BEIRUT — A French investigating judge issued an international arrest warrant for the embattled Lebanese central bank chief on Tuesday after he was not questioned in France on corruption charges, a Western diplomat said.
Longtime central bank chief Riad Salameh was due to appear before French prosecutors on Tuesday as part of an ongoing European investigation. Lebanese officials have yet to confirm receipt of the arrest warrant or comment on the developments.
The Western diplomats who confirmed the warrant spoke on condition of anonymity because they were not authorized to speak to the media.
Chanez Mensous, a lawyer for the French anti-corruption NGO Sherpa, which joined other groups in filing a preliminary legal complaint against Salameh and his associates in May 2021, also confirmed that an arrest warrant had been issued.
Shortly after, Salameh issued a statement in response saying he would appeal the decision, calling it a “clear violation”. He also criticized the French judicial process, saying some classified information about the case had been leaked to the media.
A Eurojust team from France, Germany and Luxembourg, which has been conducting a corruption probe into a string of financial crimes, has accused Salameh and a long list of associates from Lebanon’s central bank, as well as Lebanese commercial banks and audit firms. The charges include $330 million in illicit enrichment and money laundering.
Salameh, 72, who has held the post for nearly 30 years, has repeatedly denied all allegations against him. He insisted that his wealth came from his previous job as an investment banker at Merrill Lynch, inherited property and investments.
In March 2022, three European governments froze over $130 million in assets related to the investigation. During a March visit to Lebanon, a European delegation questioned Salameh about Lebanon’s central bank’s assets and investments outside the country, the Paris apartment owned by the governor and his brother Raja Salameh’s brokerage firm, Forry Associates Ltd.
Riad Salameh never received a summons from Paris, despite repeated attempts to serve it, according to a senior Lebanese judicial official. A Lebanese judge sent notices to Salameh several times over the past two weeks, but each time they were returned because the governor was not at the central bank to receive notices, the official said. The judicial officials spoke on condition of anonymity because they were not authorized to speak to the media.

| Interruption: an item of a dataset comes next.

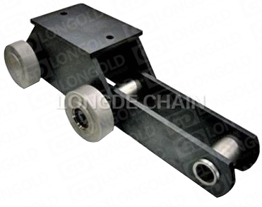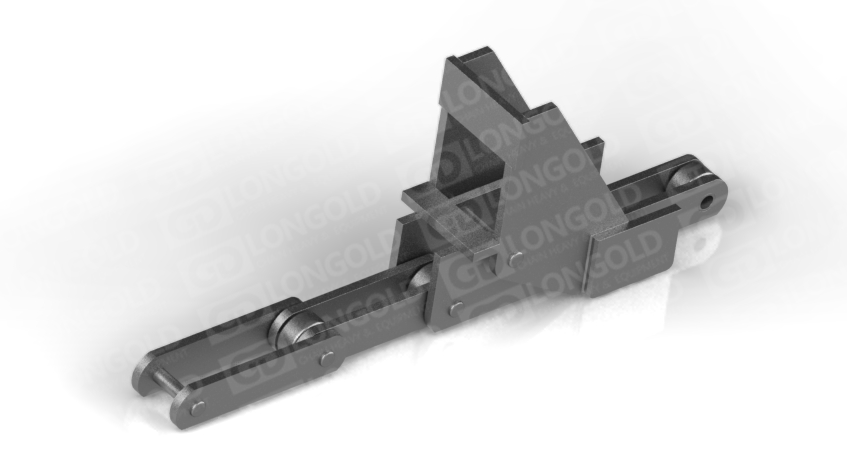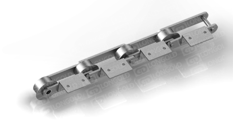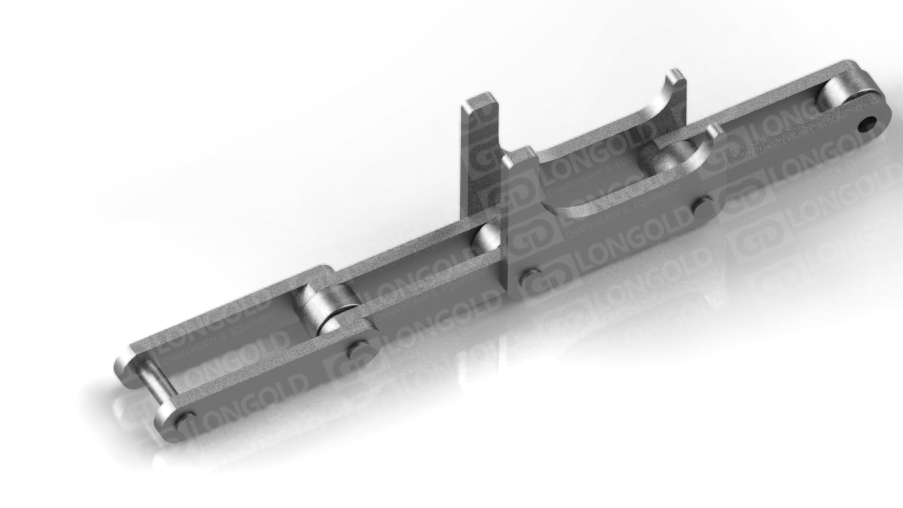 一側(cè)的鏈板帶焊接直立附板,鏈條依靠附板形成的固定槽來(lái)固定所運(yùn)輸物料,同時(shí),可通過(guò)附板上的安裝孔安裝所需的部件來(lái)滿足鏈條工作的需求。

Salame’s whereabouts were unknown on Tuesday, and the central bank did not immediately respond to a request for comment on Salame’s absence from Paris.
The date for Tuesday’s hearing was set last month after Lebanon lifted a travel ban on Salame, who is also being investigated at home. Amid the Lebanese investigation, Beirut prosecutor Raja Hamoush charged Salameh, his brother and a close associate with corruption, including embezzlement, forging documents, in late February , illicit enrichment, money laundering and violation of tax laws.
Salameh, once hailed as the guardian of Lebanon’s financial stability, is increasingly being blamed for the country’s financial collapse. Many say he contributed to the economic crisis that has impoverished three-quarters of Lebanon’s 6 million people.
Lebanon’s banks have since been battered, with millions struggling with soaring inflation, high unemployment and a chaotic cash economy. The cash economy accounts for nearly 46 percent of the country’s gross domestic product, according to a World Bank report released Tuesday, as officials delayed implementing key economic reforms demanded by the international community to bring the economy back to life.
Lebanese Deputy Prime Minister Sadshami criticized Lebanese politicians and “vested interest groups” for obstructing reforms and lacking a sense of urgency to resolve the crisis, saying that “the behavior of the traditional economic class is like living on another planet.”
Salameh’s term ends in July, and while there is no apparent successor, the veteran governor said in a television interview that he plans to step down.
Separately, lawyers representing Salameh, his brother and close associate Marianne Hoayek filed a plea this week in Beirut to suspend the European probe until Lebanon’s own probe into the governor is completed.
Another Lebanese judicial official said the defense team argued that this would ensure the proper administration of justice, while parallel European investigations violated Lebanese sovereignty. They also spoke on condition of anonymity because they were not allowed to speak to the media.
Nadim Houry, head of the Arab Reform Initiative, a Paris-based think tank, said he saw the latest actions by Salameh and Lebanon’s political and financial leaders as an attempt to thwart the European investigation.
Salame “remains protected by a political class closely linked to the Lebanese judiciary,” Houry said. “They know they cannot manipulate the French judicial process like they did in Lebanon.”